The study only considered place names on the same grid square as a known Roman road. This has several shortcomings. It may be that certain place name types have a greater statistical association, but at a greater average distance. A follow up study may investigate this possibility. I also suggest that a comprehensive, national study may be more reliable than a small scale study concentrating on one county.

criticisms.

I personally note these shortcomings of my study:-

  • The model assumed that Roman road grid squares were randomly scattered, which they are not.
  • I looked only for occurrences on the same grid square as a known Roman road. This approach therefore approximates distances from Roman roads. It also does not allow for associations at greater distances.
  • To this end, an approach such as examining the distributions of perpendicular distances from known Roman roads for each place name type may offer a better solution. I am unsure how significance could be worked out from such an approach. Others may wish to follow up on this.
  • I conducted the survey before realising that place names beginning "Strad-" or "Strat-" were conventionally taken to signify proximity to a Roman road.

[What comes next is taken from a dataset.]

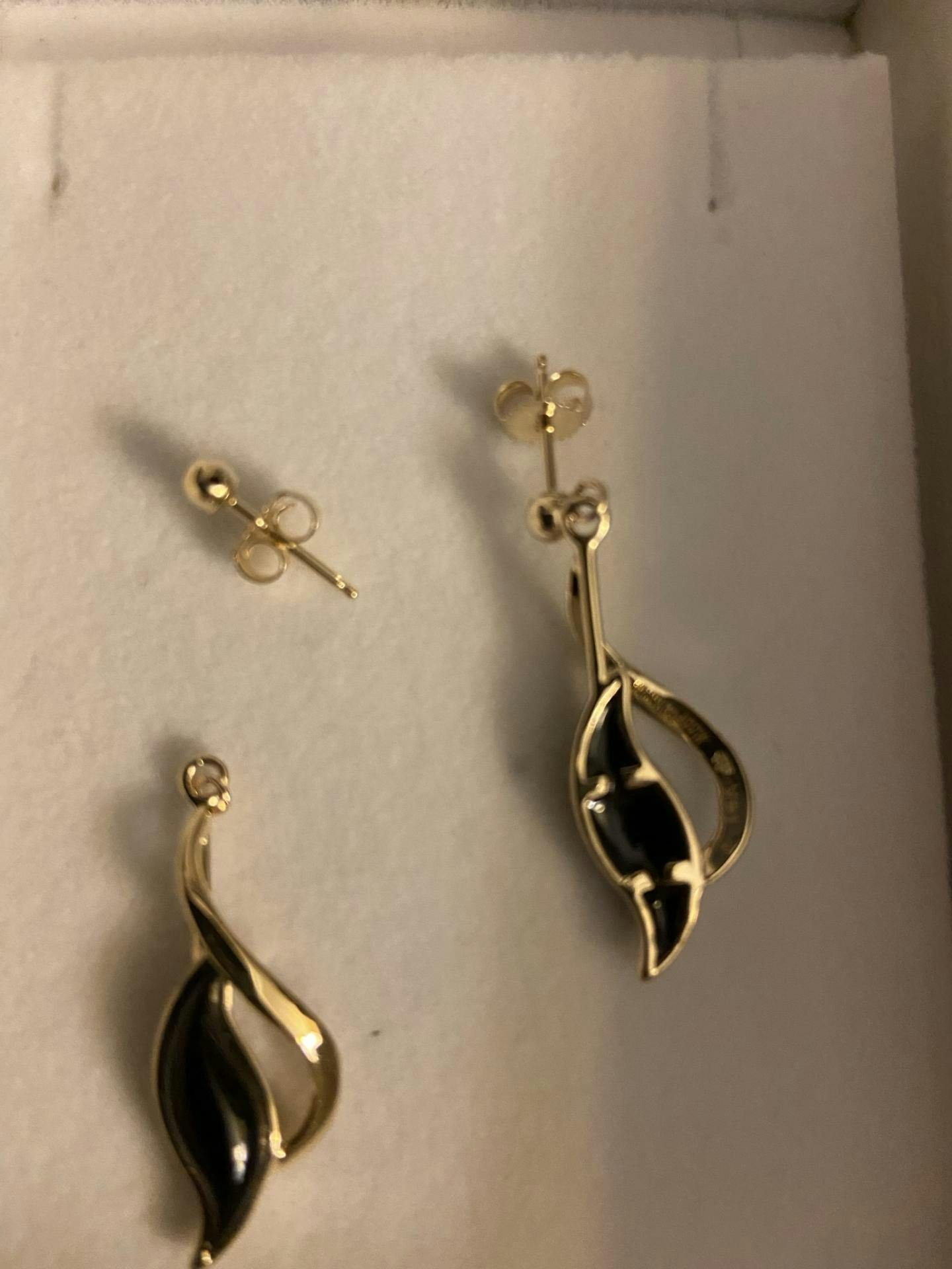 The Paradise Earrings in solid 14k gold feature a dramatic dangling design with lustrous Hawaiian black coral inlay contrasting classic high-polish yellow gold.

I also noted that place names ending "-mer" or "-mere" looked like having a high association also, but only after conducting this study. Others may wish to follow up on this. Note that "Cromer" is a 13th century renaming[5]. "Parva" and "Magna" are conventionally accepted as later mediaeval renamings[8].
  • I suggest that a more exacting and national survey by experts in statistics and mapping may be more reliable. Since conducting this survey, I have found only one study approaching this: http://keithbriggs.info/distance_to_roman_roads.html
  • I did not use any controls in this study; by this I mean place name types not considered to have any association with Roman roads.

conclusion.

The study suggests, somewhat tentatively, these possibilities:-

  • Roads, tracks and associated features containing "Stone", "Stony" and similar suggest to a 0.01 confidence interval the presence of a Roman road on the feature itself. This would conventionally be taken as statistically significant[2].
  • A follow up study may clarify the possibility that place names containing "Town" have an association to a proximate Roman road. I also noted a similar possibility with minor features including the name "Street".
  • The proximity of Roman roads to village or hamlet place names containing "Stone", "Stony", "Stan", and similar is possible. But it is not shown to have a significant association on the same grid squares. I can only speculate that a more rigorous follow-up study would decide whether these have an association to a greater distance. The same is noted for place names containing "Eccles".
  • A follow up study including greater distances may be able to explain the unexpected finding that villages or hamlets containing the name "Street" do not have any more than a chance association. Again, I can only speculate that a more rigorous follow-up study would decide whether these have an association to greater distance.
  • A more rigorous follow-up study may wish to also consider place names containing "-mer" or "-mere" or beginning "Strad-" and "Strat-", or similar, for an association to proximate Roman roads. I would also suggest considering including control types of place names expected not to have any association.

source data.

I have added these to the website:

  • source data,
  • the source code and packaged setup files for computational confirmation of the binomial statistical method used.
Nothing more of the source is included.